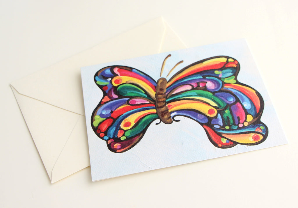 All original artwork is hand drawn, scanned and press printed on cotton textured paper in the USA. Folded notes are 5.5" x 4.25" (when folded) and envelopes are 5.75" x 4.5". Standard postage rates apply.
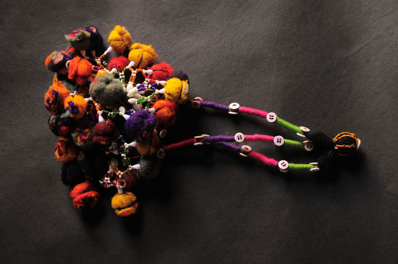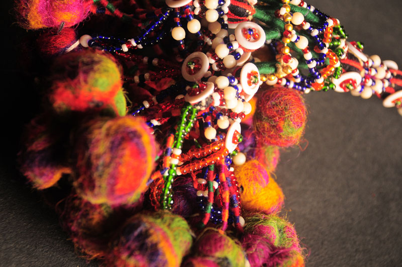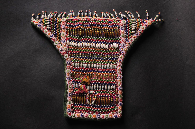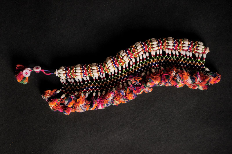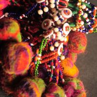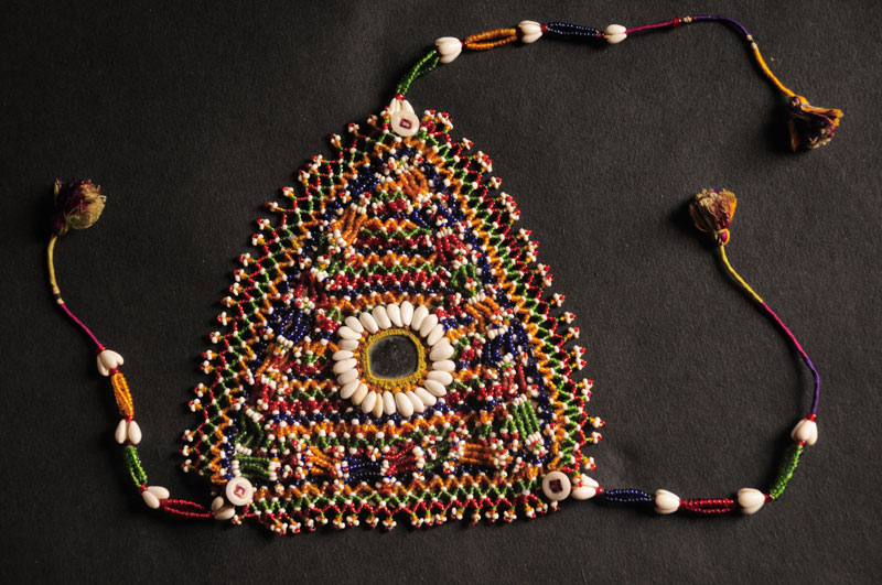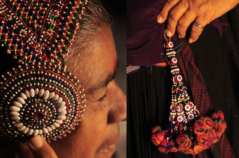 Bead Jewelries and embroidery art is traditionally done by Rabari women in Kutch. These are made from colorful glass beads in combination with colorful threads and are aesthetically pleasing. Rabari women in their leisure time, elaborately embellish garments, bags, jewelry and animal trappings, that are used for decorative and functional purposes. The jewelries are created by women for themselves and their families and are used extensively during community marriages and festivals. The symbolic interpretation of these items is its association to generate wealth. It is a contribution to the dowry. The bride makes decorative garments, bags and jewelry for the groom that is worn by the groom during the ceremony. The photographs are a collection from the Vanka Kana Rabari in Bhujodi village, Bhuj-Kutch.
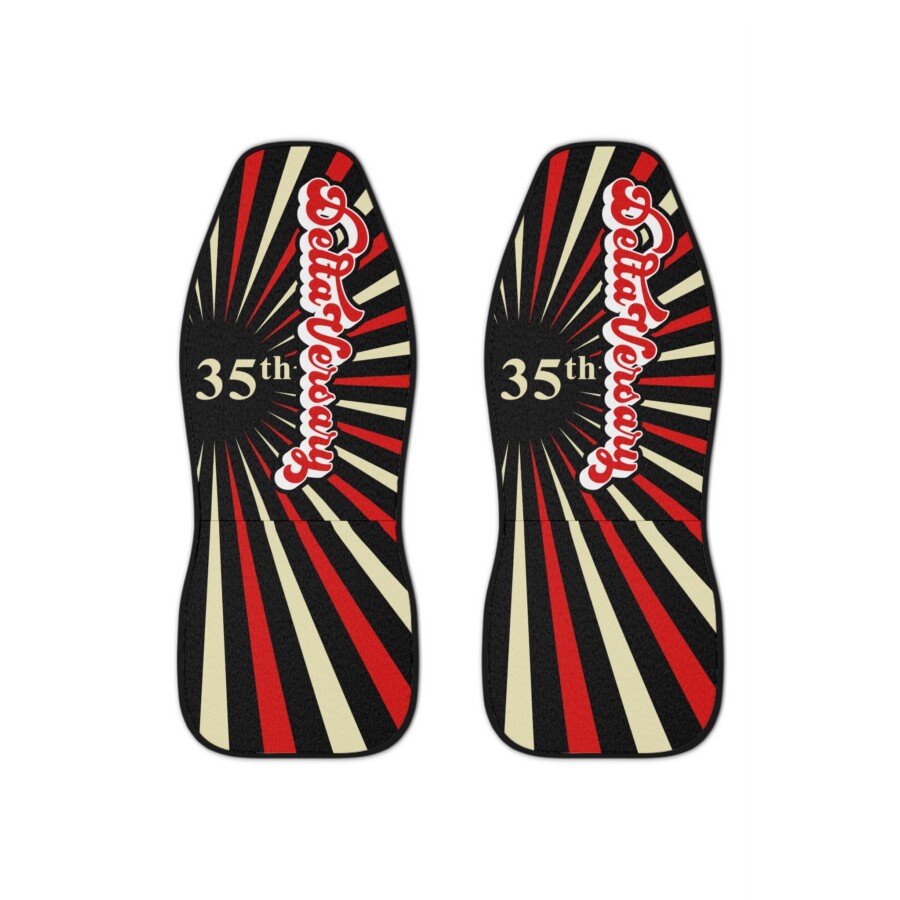 Delta Anniversary car seat covers, Give your car’s interior a bold, celebratory pulse with these custom seat covers. The design channels vintage carnival energy — radiating red, cream, and black rays around a central “35th” mark and a retro-script name. The thick polyester face feels soft to the touch, while an elastic lining and dual hook straps hold each cover firmly in place. They slip on quickly, protect against spills, fading, and wear, and present identical artwork on both seats for a matched, vintage-inspired look. Note: not for use on seats with side airbags.
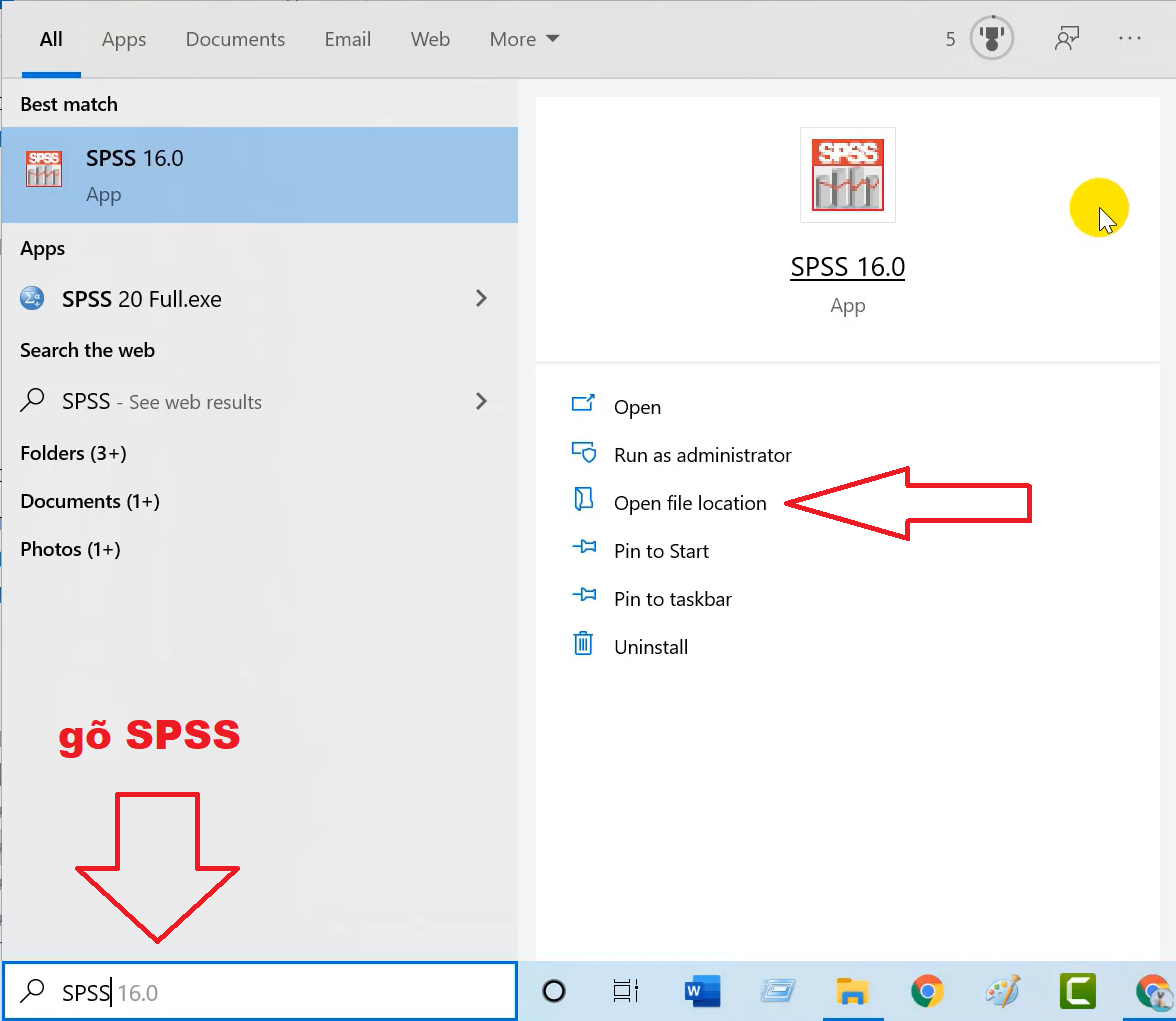 Gõ SPSS 16.0 vào thanh tìm kiếm ở Taskbar. Chọn Open file location.
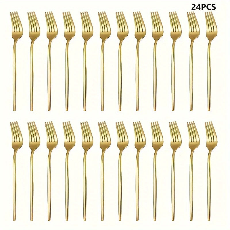 Juego de 24 piezas de tenedor de acero inoxidable con acabado pulido, disponible en colores dorado y plateado - Accesorios de cocina y comedor
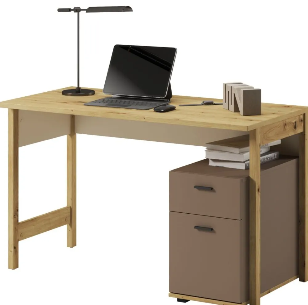 Jego uniwersalny design sprawia, że biurko LENNY idealnie wpasuje się w różnorodne style wystroju wnętrz, umożliwiając łatwe dopasowanie do pozostałych mebli w pokoju. Kolor beżowy nadaje meblowi delikatności i subtelności, truflowy dodaje nutę elegancji, zaś dekor w kolorze dąb artisan nadaje mu naturalnego uroku.
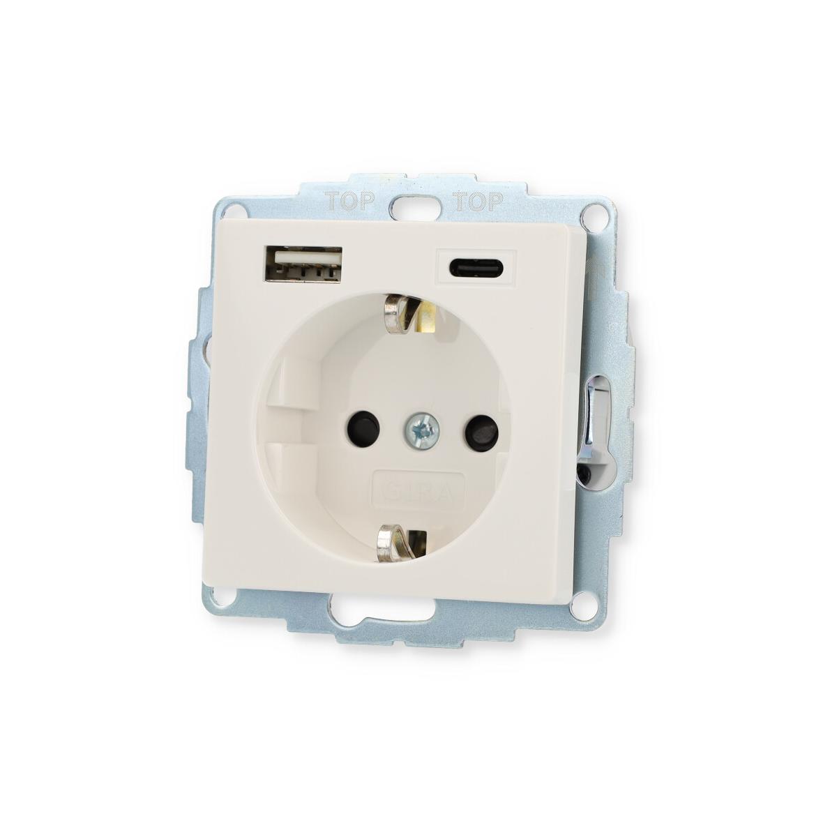 SCHUKO-Steckdose 16 A 250 V~ mit Shutter und USB-Spannungsversorgung 2fachTyp A Typ C
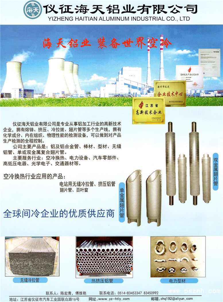 儀征海天鋁業(yè)有限公司 鋁管 鋁棒 鋁型材 翅片管點擊:515 查看原圖![]() ![]() ![]() 儀征海天鋁業(yè)有限公司
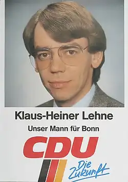 Klaus-Heiner Lehne (* 28. Oktober 1957 in Düsseldorf) ist ein deutscher Politiker (CDU). Er ist seit März 2014 Mitglied des Europäischen Rechnungshofs und war von September 2016 bis Oktober 2022 dessen Präsident. Zuvor war er von 1994 bis 2014 Mitglied des Europäischen Parlaments,[1] wo er von 2004 bis 2014 Mitglied des Vorstands der Fraktion der Europäischen Volkspartei und von 2009 bis 2014 Vorsitzender im Rechtsausschuss war.
****************
PROBLEM TO WORK ON: Retype the data exactly as it stands, but keep the images out of your copy.

SOLUTION FOR THIS PROBLEM:
 All original artwork is hand drawn, scanned and press printed on cotton textured paper in the USA. Folded notes are 5.5" x 4.25" (when folded) and envelopes are 5.75" x 4.5". Standard postage rates apply.
 Bead Jewelries and embroidery art is traditionally done by Rabari women in Kutch. These are made from colorful glass beads in combination with colorful threads and are aesthetically pleasing. Rabari women in their leisure time, elaborately embellish garments, bags, jewelry and animal trappings, that are used for decorative and functional purposes. The jewelries are created by women for themselves and their families and are used extensively during community marriages and festivals. The symbolic interpretation of these items is its association to generate wealth. It is a contribution to the dowry. The bride makes decorative garments, bags and jewelry for the groom that is worn by the groom during the ceremony. The photographs are a collection from the Vanka Kana Rabari in Bhujodi village, Bhuj-Kutch.
 Delta Anniversary car seat covers, Give your car’s interior a bold, celebratory pulse with these custom seat covers. The design channels vintage carnival energy — radiating red, cream, and black rays around a central “35th” mark and a retro-script name. The thick polyester face feels soft to the touch, while an elastic lining and dual hook straps hold each cover firmly in place. They slip on quickly, protect against spills, fading, and wear, and present identical artwork on both seats for a matched, vintage-inspired look. Note: not for use on seats with side airbags.
 Gõ SPSS 16.0 vào thanh tìm kiếm ở Taskbar. Chọn Open file location.
 Juego de 24 piezas de tenedor de acero inoxidable con acabado pulido, disponible en colores dorado y plateado - Accesorios de cocina y comedor
 Jego uniwersalny design sprawia, że biurko LENNY idealnie wpasuje się w różnorodne style wystroju wnętrz, umożliwiając łatwe dopasowanie do pozostałych mebli w pokoju. Kolor beżowy nadaje meblowi delikatności i subtelności, truflowy dodaje nutę elegancji, zaś dekor w kolorze dąb artisan nadaje mu naturalnego uroku.
 SCHUKO-Steckdose 16 A 250 V~ mit Shutter und USB-Spannungsversorgung 2fachTyp A Typ C
 儀征海天鋁業(yè)有限公司 鋁管 鋁棒 鋁型材 翅片管點擊:515 查看原圖![]() ![]() ![]() 儀征海天鋁業(yè)有限公司
 Klaus-Heiner Lehne (* 28. Oktober 1957 in Düsseldorf) ist ein deutscher Politiker (CDU). Er ist seit März 2014 Mitglied des Europäischen Rechnungshofs und war von September 2016 bis Oktober 2022 dessen Präsident. Zuvor war er von 1994 bis 2014 Mitglied des Europäischen Parlaments,[1] wo er von 2004 bis 2014 Mitglied des Vorstands der Fraktion der Europäischen Volkspartei und von 2009 bis 2014 Vorsitzender im Rechtsausschuss war.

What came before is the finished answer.